8. The sample size for the training set:
This information is not applicable. The device is a display monitor, not an AI algorithm that requires a training set. The RadiCS software mentioned is for quality control and "is not a medical imaging software" and "it's being used unchanged from the predicate software," implying no new algorithm development or training.
9. How the ground truth for the training set was established:
This information is not applicable for the reasons stated in point 8.

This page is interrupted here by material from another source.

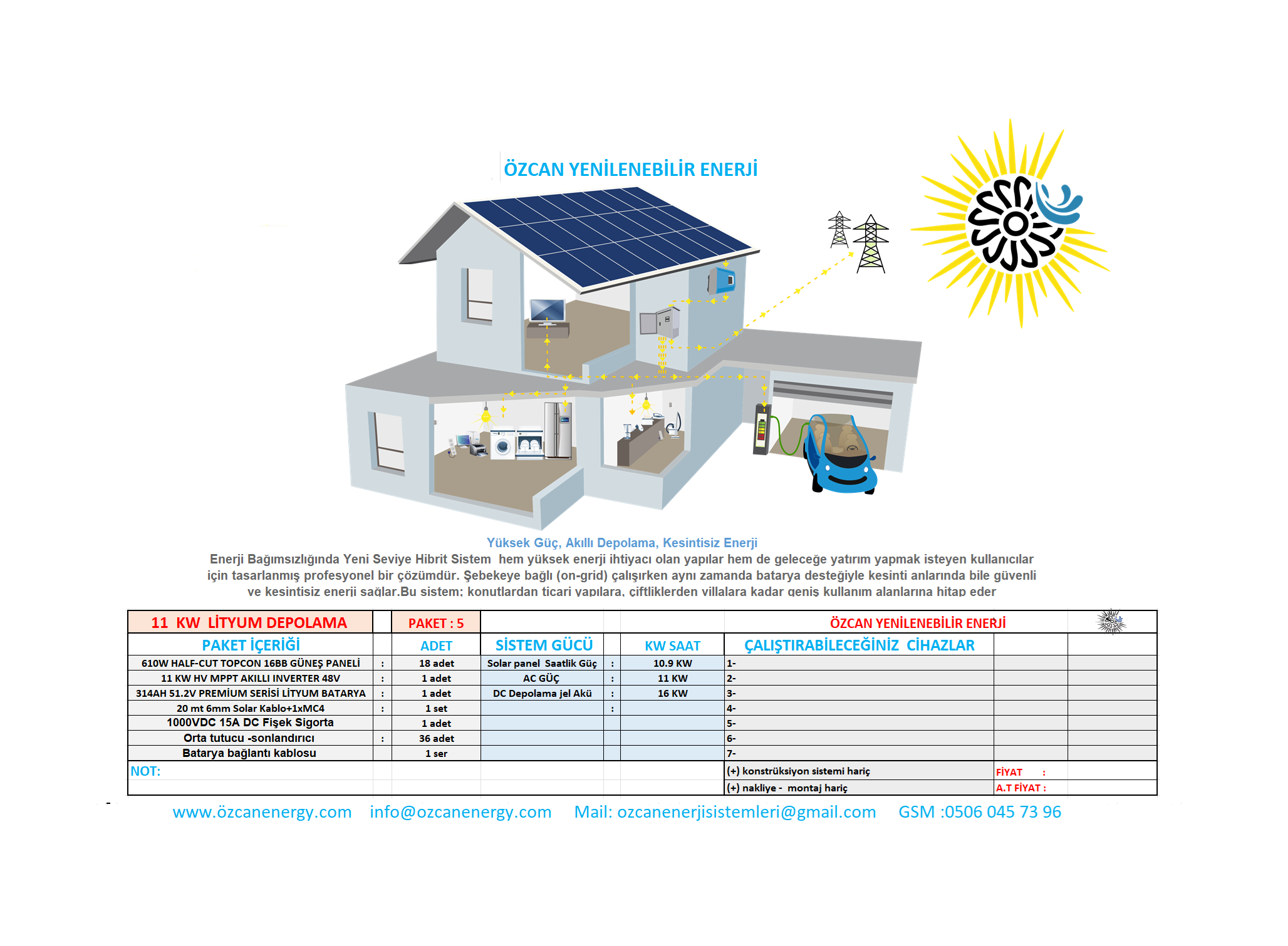 11 KW LİTYUM DEPOLAMALI GÜNEŞ ENERJİ TESİSİ PAKET 5

§ 892.2050 Medical image management and processing system.
(a)
Identification. A medical image management and processing system is a device that provides one or more capabilities relating to the review and digital processing of medical images for the purposes of interpretation by a trained practitioner of disease detection, diagnosis, or patient management. The software components may provide advanced or complex image processing functions for image manipulation, enhancement, or quantification that are intended for use in the interpretation and analysis of medical images. Advanced image manipulation functions may include image segmentation, multimodality image registration, or 3D visualization. Complex quantitative functions may include semi-automated measurements or time-series measurements.(b)
Classification. Class II (special controls; voluntary standards—Digital Imaging and Communications in Medicine (DICOM) Std., Joint Photographic Experts Group (JPEG) Std., Society of Motion Picture and Television Engineers (SMPTE) Test Pattern).